Saxenian could see that the standard economic models of regional success and comparative advantage did not adequately describe the success of places such as Silicon Valley. In her first book Regional Advantage: Culture and Competition in Silicon Valley and Route 128 (1996), Saxenian explored this challenge by contrasting the region’s characteristics with those of its US east coast counterpart in Boston, Route 128.

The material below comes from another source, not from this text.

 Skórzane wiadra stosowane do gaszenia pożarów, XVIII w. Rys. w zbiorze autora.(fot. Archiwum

Silicon Valley has a regional network-based industrial system that promotes collective learning and flexible adjustment among specialist producers of a complex of related technologies. The region’s dense social networks and open labor markets encourage experimentation and entrepreneurship. Companies compete intensely while at the same time learning from one another about changing markets and technologies through informal communication and collaborative practices; and loosely linked team structures encourage horizontal communication among firm divisions and with outside suppliers and customers. The functional boundaries within firms are porous in a network system, as are the boundaries between firms themselves and between firms and local institutions such as trade associations and universities.

(Saxenian, 1996, pp. 2–3)

Saxenian suggests that Silicon Valley started to change from agriculture to high technology when the Second World War brought military activity to the San Francisco bay area. During the Cold War, funding flowed to Silicon Valley’s fledgling industries. Those who came to Silicon Valley during the 1960s and 1970s felt like outsiders. Power was concentrated in the US east coast, and – in Saxenian’s assessment – the engineers who came ‘hung together’. They shared more information than their counterparts on the east coast and elsewhere, and had less time for hierarchies. Within and between firms there was a more open network. Despite perennial predictions about its demise, Silicon Valley’s entrepreneurs have continued to create innovative ways of doing things (Saxenian, 2006b).

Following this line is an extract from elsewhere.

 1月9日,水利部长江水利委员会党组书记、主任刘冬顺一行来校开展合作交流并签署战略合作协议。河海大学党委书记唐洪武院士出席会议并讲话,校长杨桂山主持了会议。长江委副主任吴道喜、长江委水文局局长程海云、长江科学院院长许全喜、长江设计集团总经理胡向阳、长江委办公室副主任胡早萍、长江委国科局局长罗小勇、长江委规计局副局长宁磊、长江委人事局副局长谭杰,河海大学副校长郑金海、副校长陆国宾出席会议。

Although there has been a widespread willingness to assume that Silicon Valley is the ‘core’ and other less prosperous places are the ‘periphery’, brain circulation is contributing to a different picture. China, India and other places that might once have been pronounced peripheral have benefitted from those who have returned from the putative core. Brain circulation can span boundaries, as those who become fluent in different cultures – according to Khanna’s arguments about contextual intelligence – move between contexts.